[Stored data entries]
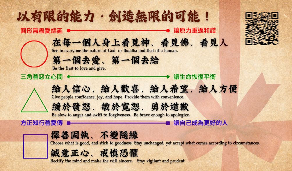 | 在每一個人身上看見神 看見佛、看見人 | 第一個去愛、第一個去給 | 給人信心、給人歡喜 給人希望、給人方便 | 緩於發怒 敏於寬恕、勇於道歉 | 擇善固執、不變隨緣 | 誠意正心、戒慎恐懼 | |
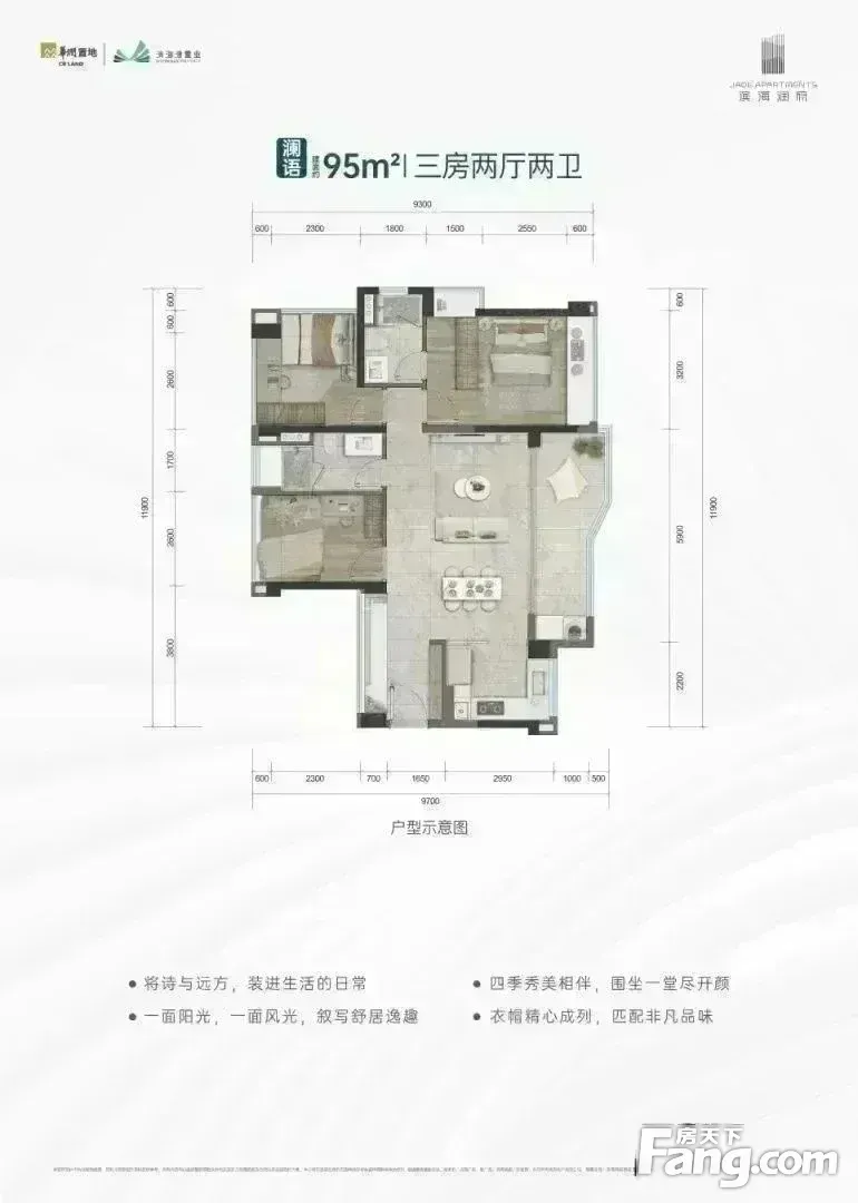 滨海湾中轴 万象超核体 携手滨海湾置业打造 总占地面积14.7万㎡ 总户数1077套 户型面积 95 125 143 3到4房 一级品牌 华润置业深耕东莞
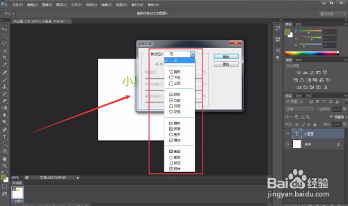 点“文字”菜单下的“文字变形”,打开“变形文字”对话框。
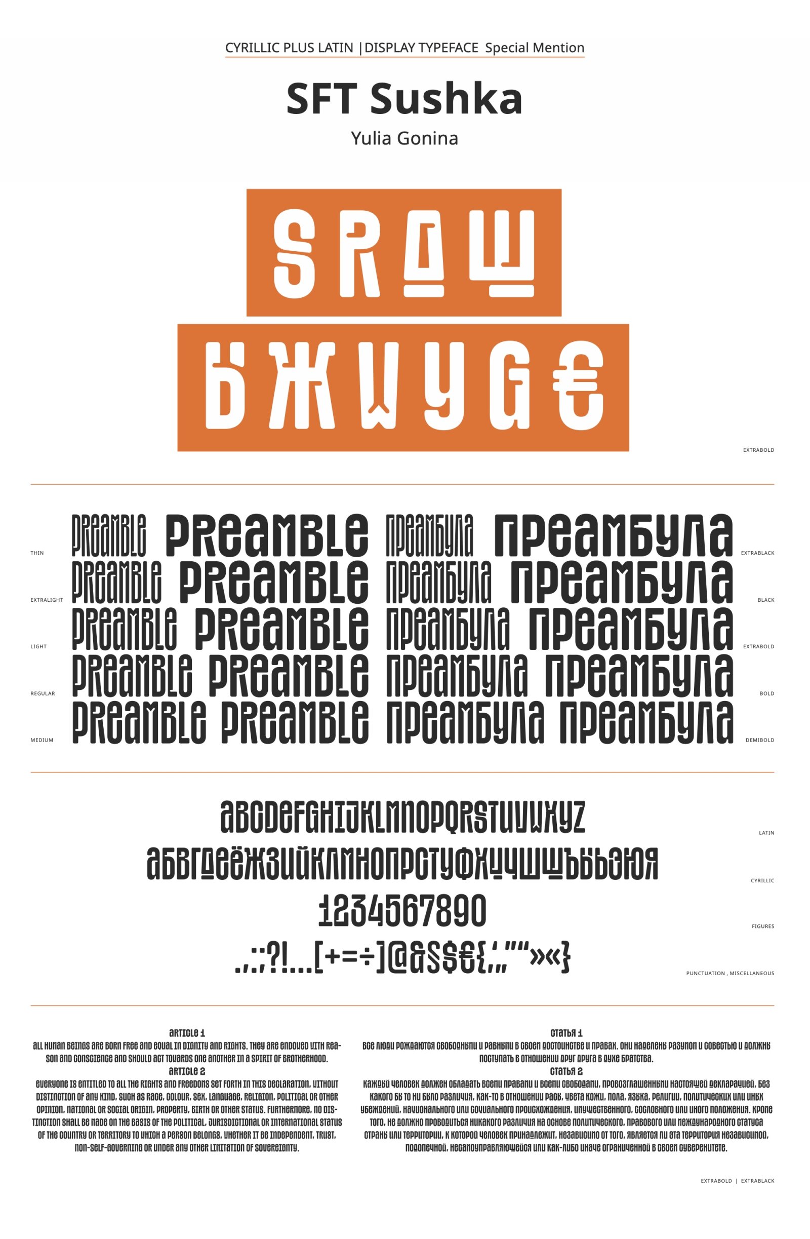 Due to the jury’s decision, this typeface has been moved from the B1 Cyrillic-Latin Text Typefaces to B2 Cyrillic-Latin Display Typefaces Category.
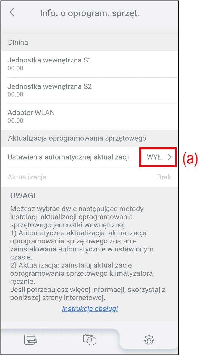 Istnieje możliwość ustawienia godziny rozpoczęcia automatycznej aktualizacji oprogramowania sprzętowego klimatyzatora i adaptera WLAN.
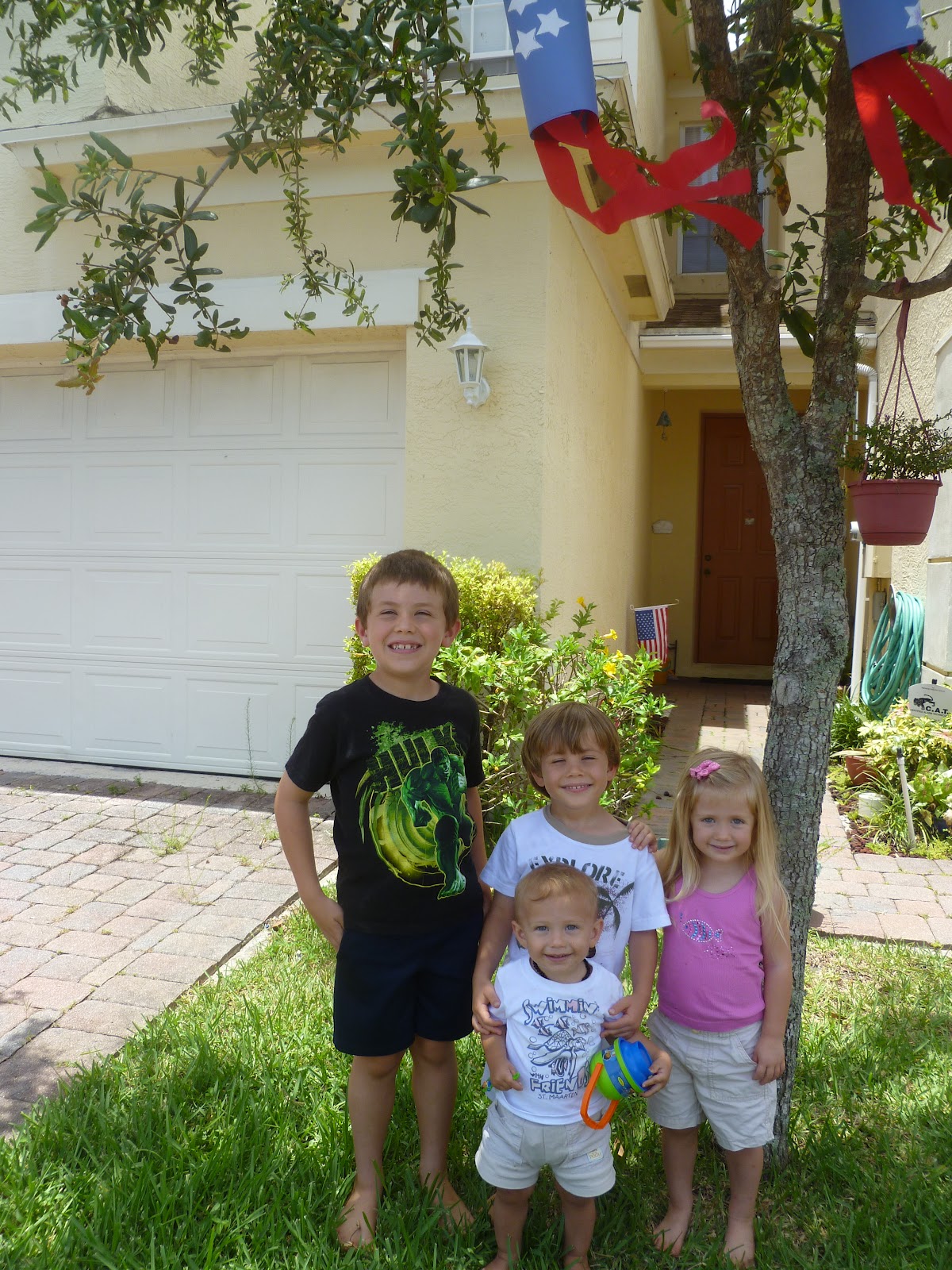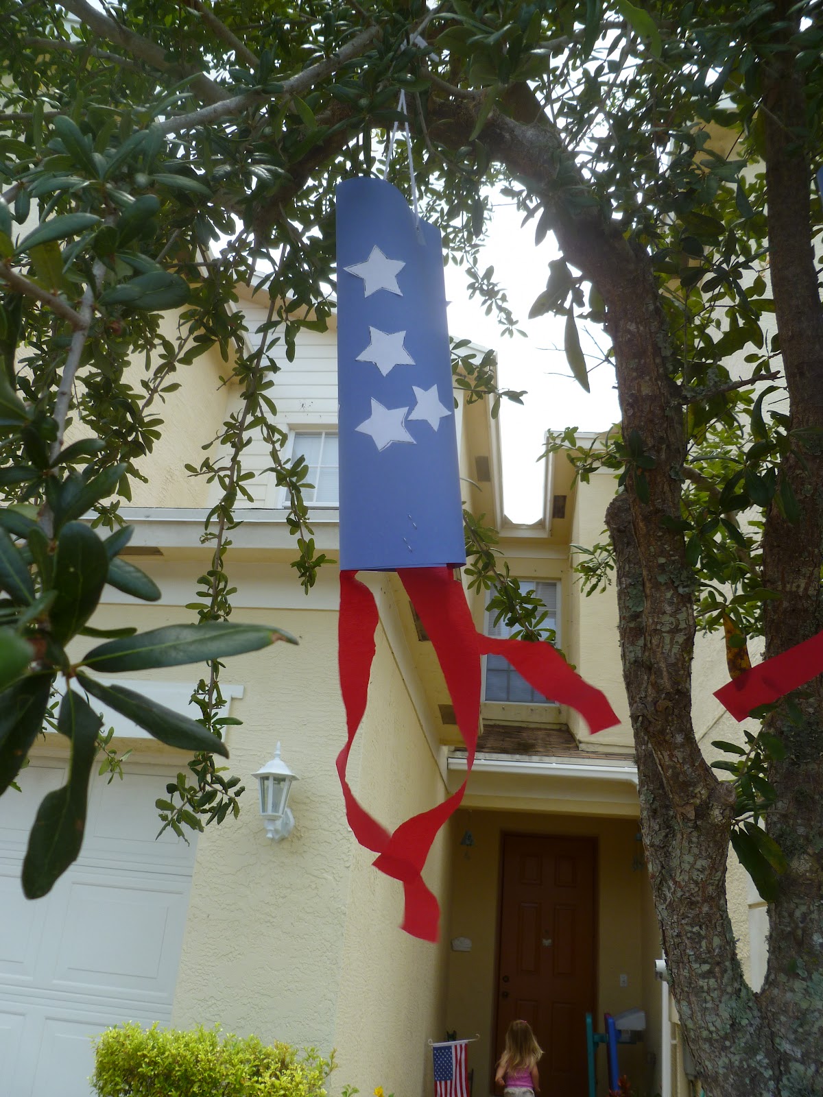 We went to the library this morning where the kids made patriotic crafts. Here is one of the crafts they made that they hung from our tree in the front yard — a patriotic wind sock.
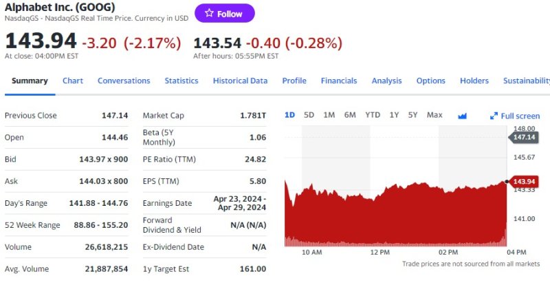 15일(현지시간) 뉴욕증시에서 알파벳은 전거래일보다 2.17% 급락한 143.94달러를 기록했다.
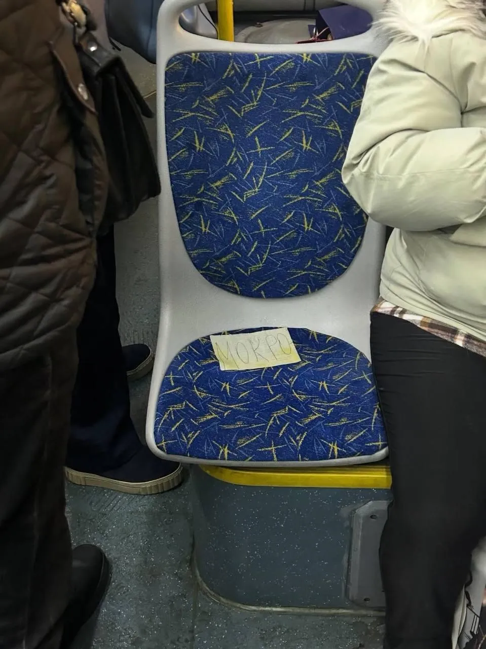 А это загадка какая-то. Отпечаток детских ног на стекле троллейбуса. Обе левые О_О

What the task asks ▸ From the line containing "We went to the" to the last line of the records above, return each line exactly, both ends included, and nothing more. Leave out the pictures.

Result of the exercise ▸
 We went to the library this morning where the kids made patriotic crafts. Here is one of the crafts they made that they hung from our tree in the front yard — a patriotic wind sock.
 15일(현지시간) 뉴욕증시에서 알파벳은 전거래일보다 2.17% 급락한 143.94달러를 기록했다.
 А это загадка какая-то. Отпечаток детских ног на стекле троллейбуса. Обе левые О_О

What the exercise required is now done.